A knock at the door interrupted my dance.
I continued on, allowing the motion cameras to record my movements. With a series of fingertip gestures, I relayed the loop command to my computer. Adding the moves to the queue, I set it to repeat and the avatar I controlled kept dancing for her audience.
Paul greeted me with a terse smile when I finally opened the door. Dark eyes weary, he looked like he hadn’t seen a bed in three days.
“I thought you had to work tonight,” I said, pleasantly surprised with his appearance at my door.
Smoothing my hands up the lapels of his jacket, my fingers sought the back of his neck. I leaned in for a kiss, but he stiffened and kept his lips out of my reach.
“Cara.” He shook his head once and his smile turned sullen. “I’m sorry.”
I caught movement out of the corner of my eye. The patrol officer beside Paul pushed himself from the wall.
Amused, I smiled wide. “Get arrested?”
Paul’s expression remained the same. “No.”
Panic began to rise and clutch its fist around my chest. My computer ran a lot more than the dancing avatar. Half its data stores were loaded with my hacking scripts and malicious code. Another portion held the account numbers and open ports I hadn’t sold yet. All of it was several shades of illegal.
“Then what’s the cop doing here?”
Paul chewed his lip before using his body to move us into my apartment. The patrol officer followed behind a few steps.
Finally he let me go to reach inside his breast pocket. Removing a black wallet and a folded letter, he sighed.
He sucked on his front teeth as he held up the wallet and flipped it open. A gold shield stared back at me. The fist of panic morphed into a strange mix of anger and terror.
“Paul?” My breath left in a gasp when I suddenly realized the man I had been seeing for a year was a complete fabrication.
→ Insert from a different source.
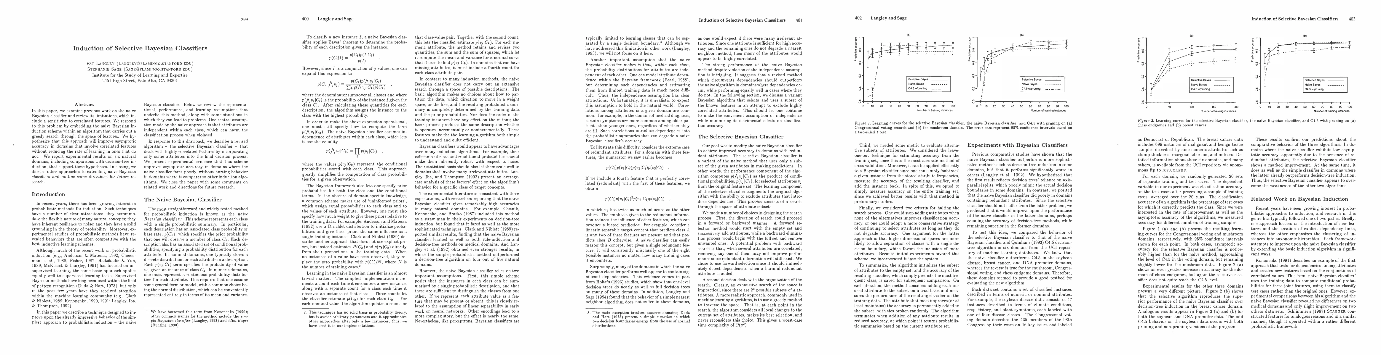 In this paper, we examine previous work on the naive Bayesian classifier and review its limitations, which include a sensitivity to correlated features. We respond to this problem by embedding the naive Bayesian induction scheme within an algorithm that c arries out a greedy search through the space of features. We hypothesize that this approach will improve asymptotic accuracy in domains that involve correlated features without reducing the rate of learning in ones that do not. We report experimental results on six natural domains, including comparisons with decision-tree induction, that support these hypotheses. In closing, we discuss other approaches to extending naive Bayesian classifiers and outline some directions for future research.

He took a step forward and I mirrored with a step back.
When I found the ability to breathe again, I called up a bundle of code in the Persian boteh tattoo that swirled up my right arm. In my optics, I watched as it interfaced with my computer and I sent the command to purge it all.
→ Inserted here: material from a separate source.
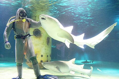 清明假期多地景區爆滿 內地部份景點緊急限流 煙花三月醉江南遊客賞櫻花享春光 台灣第一號高速公路客運失火 西藏13名考僧立宗答辯晉升藏傳佛教格西拉讓巴學位 內蒙清明遭遇「倒春寒」 風雪夾擊民眾踏春遇阻 清明除了掃墓,還應重新理解逝去 中國科研團隊發現一植物新變種 狂風暴雨襲粵 多地提醒民眾到室內躲避 中國兆瓦級氫燃料航空發動機全球首飛 台花蓮5.7級地震 今年最大的一次 內地保障未成年人等 擬規範數字虛擬人服務 3月中國大宗商品價格指數同比漲14.5% 台灣高雄累計六十七人集體食物中毒 南京海底世界上演「海洋奇妙夜」 2020-06-01 03:30:00 ◎ 五月三十日晚,江蘇南京海底世界上演「海洋奇妙夜」,吸引小朋友們前來夜宿海底隧道,感受海洋多樣生態,玩轉「六一」兒童節。圖為潛水員化身海底服務員給鯊魚送餐。( 中新社)

“That’s not what I’m here for,” he said as if he knew what I was doing. “I know you’re a hacker, Cara, but that isn’t on the indictment.”
I swore at him. “You bastard! The whole damned time -- a cop?”
“Yes.” He reached a hand out for me, but I slapped it away.
I scanned the room with the rest of the tech on my body and looked for the private PIP that allowed me to interface with him. Completely gone — the only thing that remained was his public port.
Detective Paul Fesserton labeled it in my optics. Even with a half hour of uninterrupted access, I could never hack a police port. The damn things were hard wired to retaliate with a jack to snuff the hacker’s tech.
“Don’t do something stupid.” He shook his head and his jaw set in a hard line. “It’s not worth adding to this.”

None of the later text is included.